While we do try to minimize noise, by taking precautions like tracking keywords via the same IP, at roughly the same time of day, with settings delocalized and depersonalized, it is possible that the noise is an artifact of how the system works. For example, Google uses highly distributed data – even if I hit the same regional data center most days, it could be that the data itself is in flux as new information propagates and centers update themselves. In other words, even if the algorithm doesn’t change and the websites don’t change, the very nature of Google’s complexity could create a perpetual state of change.
How Do We Sort It Out?
I decided to try a little experiment. If Google is really just adding noise to the system – shuffling rankings slightly to keep SEOs guessing – then we’d expect to see a fairly similar baseline pattern regardless of the keyword. We also might see different patterns over time – while MozCast is based on 24-hour intervals, there’s no reason we can’t check in more often.
So, I ran a 7-day crawl for just three keywords, checking each of them every 10 minutes, resulting in 1,008 data points per keyword. For simplicity, I chose the keyword with the highest flux over the previous 30 days, the lowest flux, and one right in the middle (the median, in this case). Here are the three keywords and their MozCast temperatures for the 30 days in question:
- “new xbox” – 176°F
- “blood pressure chart” – 67°F
- “fun games for girls” – 12°F
Xbox queries run pretty hot, to put it mildly. The 7-day data was collected in late September and early October. Like the core MozCast engine, the Top 10 SERPs were crawled and recorded, but unlike MozCast, the crawler fired every 10 minutes.
Experiment #1: 10-minute Flux
Let’s get the big question out of the way first – Was the rate of change for these keywords similar or different? You might expect (1) “new xbox” to show higher flux when it changes, but if Google was injecting randomness then it should change roughly as often, in theory. Over the 1,008 measurements for each keyword, here’s how often they changed:
- 555 – “new xbox”
- 124 – “blood pressure chart”
- 40 – “fun games for girls”
While three keywords isn’t enough data to do compelling statistics, the results are striking. The highest flux keyword changed 55% of the times we measured it, or roughly every 20 minutes. Either Google is taking into account new data that’s rapidly changing (content, links, SEO tweaks), or high-flux keywords are just inherently different beasts.

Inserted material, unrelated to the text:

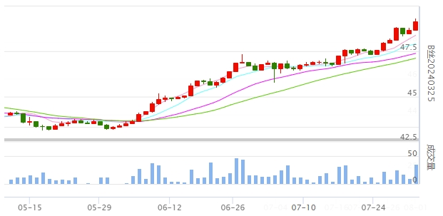 今日(2023年08月01日,周二)中國繭絲綢交易市場生絲指數(shù)上漲0.64%收于4777.48點(diǎn)。B絲(商檢4A級生絲):230825合約上漲0.27萬元報(bào)收于47.49萬元;230925合約上漲0.24萬元報(bào)收于47.85萬元;240325合約上漲0.45萬元報(bào)收于49.14萬元。

The simple “random injection” model just doesn’t hold up, though. The lowest flux keyword only changed 4% of the times we measured it. If Google were moving the football every time we tried to kick it, we’d expect to see a much more consistent rate of change.
If we look at the temperature (a la MozCast) for “new xbox” across these micro-fluxes (only counting intervals where something changed), it averaged about 93°F, high but considerably less than the average 24-hour flux. This could be evidence that something about the sites themselves is changing at a steady rate (the more time passes, the more they change).

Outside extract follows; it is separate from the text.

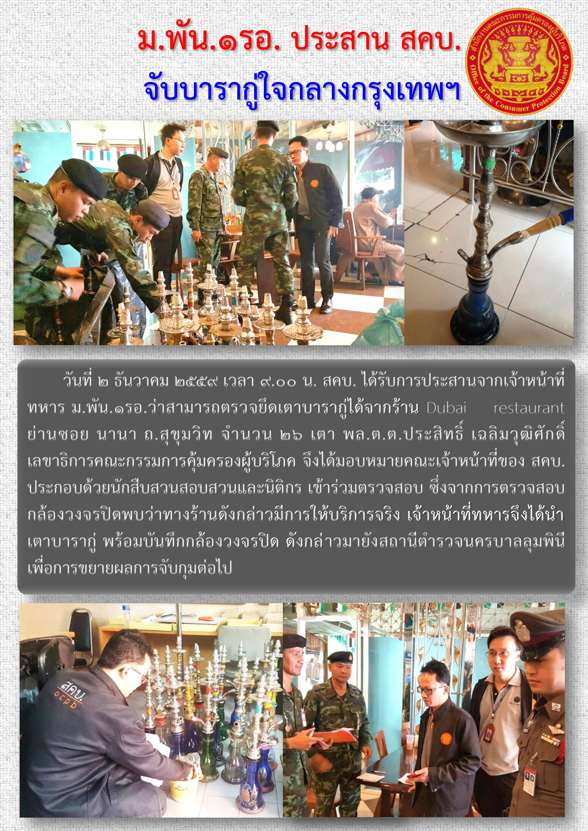 ม.พัน.๑รอ. ประสาน สคบ. จับบารากู่ใจกลางกรุงเทพฯ

Keep in mind that “new xbox” almost definitely has QDF (query deserves freshness) in play, as the Top 10 is occupied by major players with constantly updated content – including Forbes, CS Monitor, PC World, Gamespot, and IGN. This is a naturally dynamic query.
Experiment #2: Data Center Flux
Experiment #1 maintained consistency by checking each keyword from the same IP address (to avoid the additional noise of changing data centers). While it seems unlikely that the three keywords would vary so much simply because of data center differences, I decided to run a follow up test to measure just “new xbox” every 10 minutes for a single day (144 data points) across two different data centers.
Across the two data centers, the rate of change was similar but even higher than the original experiment: (1) 98 changes in 144 measurements = 68% and (2) 104 changes = 72%. This may have just been an unusually high-flux day. We’re mostly interested in the differences across these two data sets. Average temperature for recorded changes was (1) 121°F and (2) 118°F, both higher than experiment #1 but roughly comparable.
What if we compared each measurement directly across data centers? In other words, we typically measure flux over time, but what if we measured flux between the two sets of data at the same moment in time? This turned out to be feasible, if a bit tricky.
Out of 144 measurements, the two data centers were out of sync 140 times (97%). As we data scientists like to say: Yikes! The average temperature for those mismatched measurements was 138°F, also higher than the 10-minute flux measurements. Keep in mind that these measurements were nearly simultaneous (within 1 second, generally) and that the results were delocalized and depersonalized. Typically, “new xbox” isn’t a heavily local query to begin with. So, this appears to be almost entirely a byproduct of the data center itself (not its location).
So, What Does It All Mean?
We can’t conclusively prove if something is in a black box, but I feel comfortable saying that Google isn’t simply injecting noise into the system every time we run a query. The large variations across the three keywords suggest that it’s the inherent nature of the queries themselves that matter. Google isn’t moving the target so much as the entire world is moving around the target.
The data center question is much more difficult. It’s possible that the two data centers were just a few minutes out of sync, but there’s no clear evidence of that in the data (there are significant differences across hours). So, I’m left to conclude two things – the large amount of flux we see is a byproduct of both the nature of the keywords and the data centers. Worse yet, it’s not just a matter of the data centers being static but different – they’re all changing constantly within their own universe of data.
The broader lesson is clear – don’t over-interpret one change in one ranking over one time period. Change is the norm, and may indicate nothing at all about your success. We have to look at consistent patterns of change over time, especially across broad sets of keywords and secondary indicators (like organic traffic). Rankings are still important, but they live in a world that is constantly in motion, and none of us can afford to stand still.